Start of Block

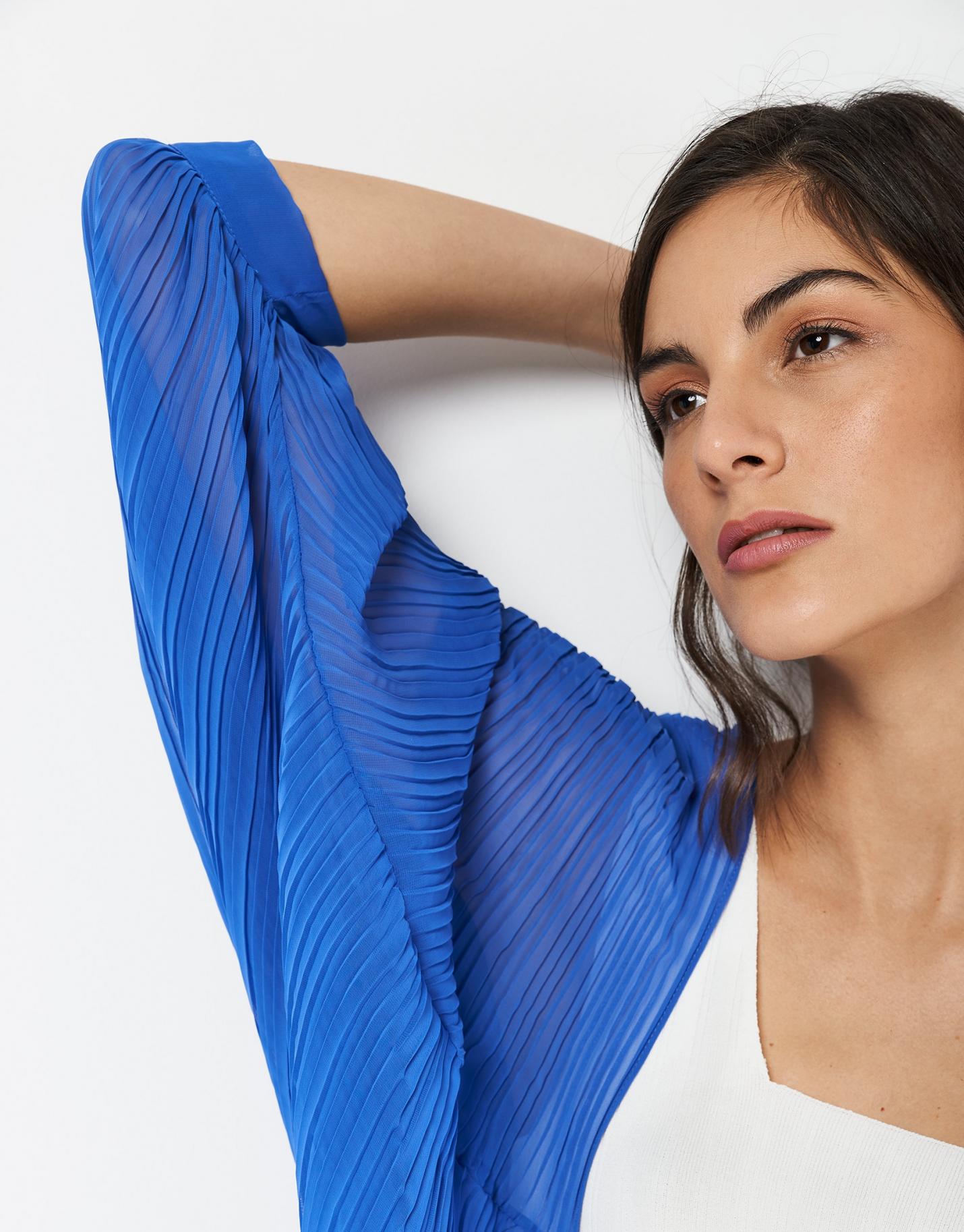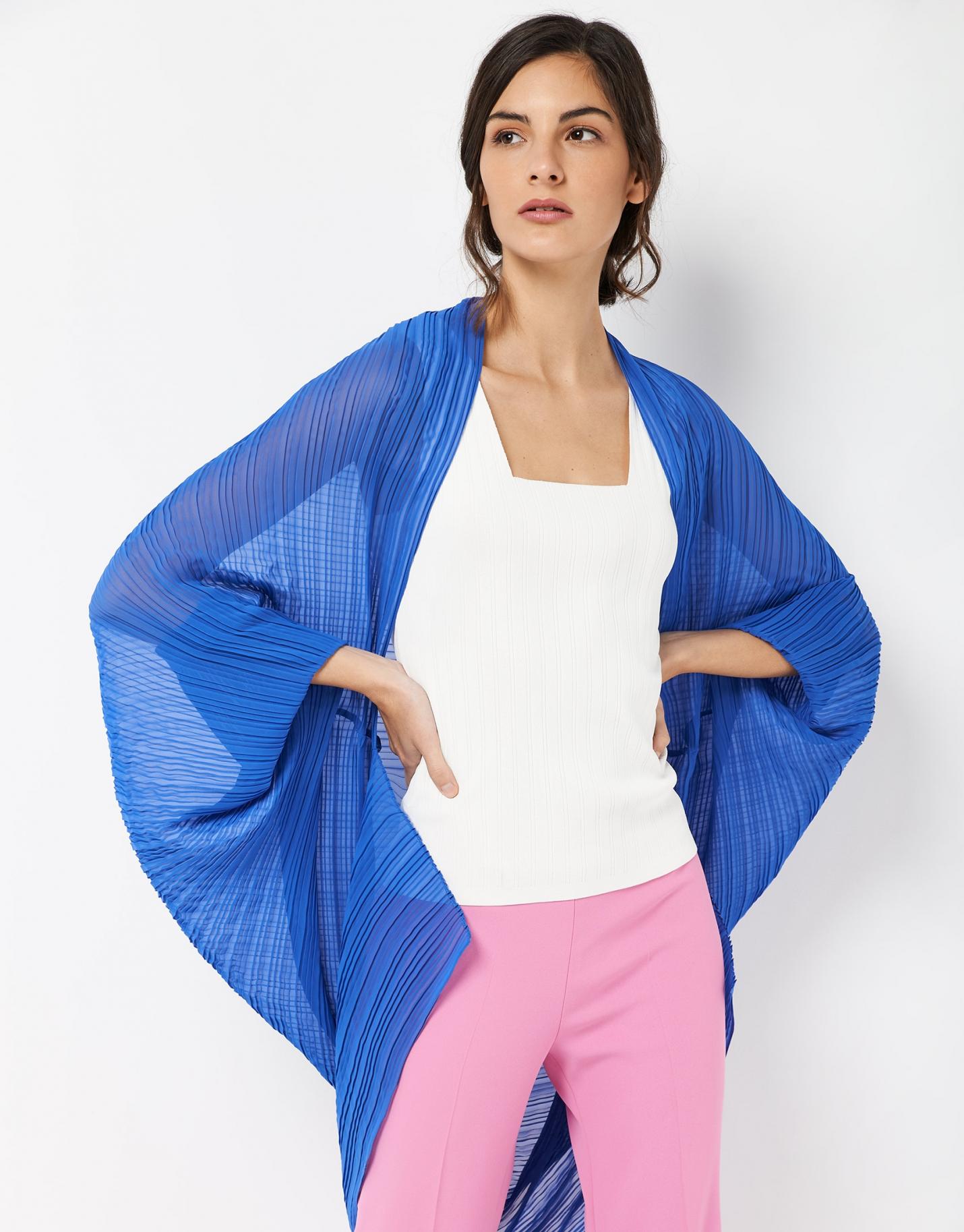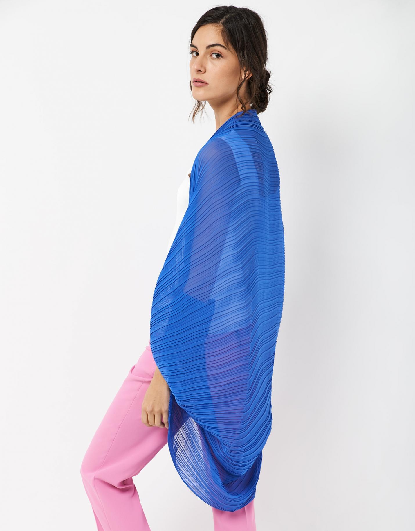Chal con mangas confeccionado en tejido plisado color azul. Corte más largo por la espalda y manga con puño en el bajo.
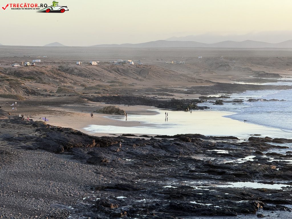 Deși apa arată irezistibil, trebuie spus clar: coasta vestică a Fuerteventurii poate avea curenți puternici și valuri mari, iar înotul devine riscant când marea e agitată. Recomandarea practică este să intri doar când condițiile sunt calme și să respecți semnalizarea de pe plajă (steagurile) sau indicațiile salvamarilor atunci când există. În unele perioade, în funcție de maree, se pot forma mici lagune pe nisip, cu apă mai caldă și mai puțină agitație, dar acestea se schimbă repede și nu înlocuiesc prudența față de oceanul deschis. Dacă vrei o baie sigură „garantată”, El Cotillo are lagune protejate de recife mai la nord, special apreciate de familii.
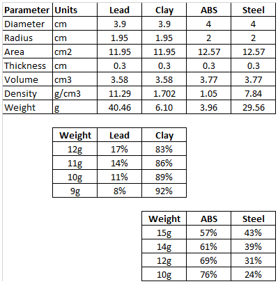And I added in 40mm plastic sluggers for fun. I know I'm making a bunch of assumptions but 40% lead would be a very heavy chip!

End of Block

*Task item*: Please transcribe the whole listing above exactly, with the images left out.

*Completed task*:
Chal con mangas confeccionado en tejido plisado color azul. Corte más largo por la espalda y manga con puño en el bajo.
 Deși apa arată irezistibil, trebuie spus clar: coasta vestică a Fuerteventurii poate avea curenți puternici și valuri mari, iar înotul devine riscant când marea e agitată. Recomandarea practică este să intri doar când condițiile sunt calme și să respecți semnalizarea de pe plajă (steagurile) sau indicațiile salvamarilor atunci când există. În unele perioade, în funcție de maree, se pot forma mici lagune pe nisip, cu apă mai caldă și mai puțină agitație, dar acestea se schimbă repede și nu înlocuiesc prudența față de oceanul deschis. Dacă vrei o baie sigură „garantată”, El Cotillo are lagune protejate de recife mai la nord, special apreciate de familii.
And I added in 40mm plastic sluggers for fun. I know I'm making a bunch of assumptions but 40% lead would be a very heavy chip!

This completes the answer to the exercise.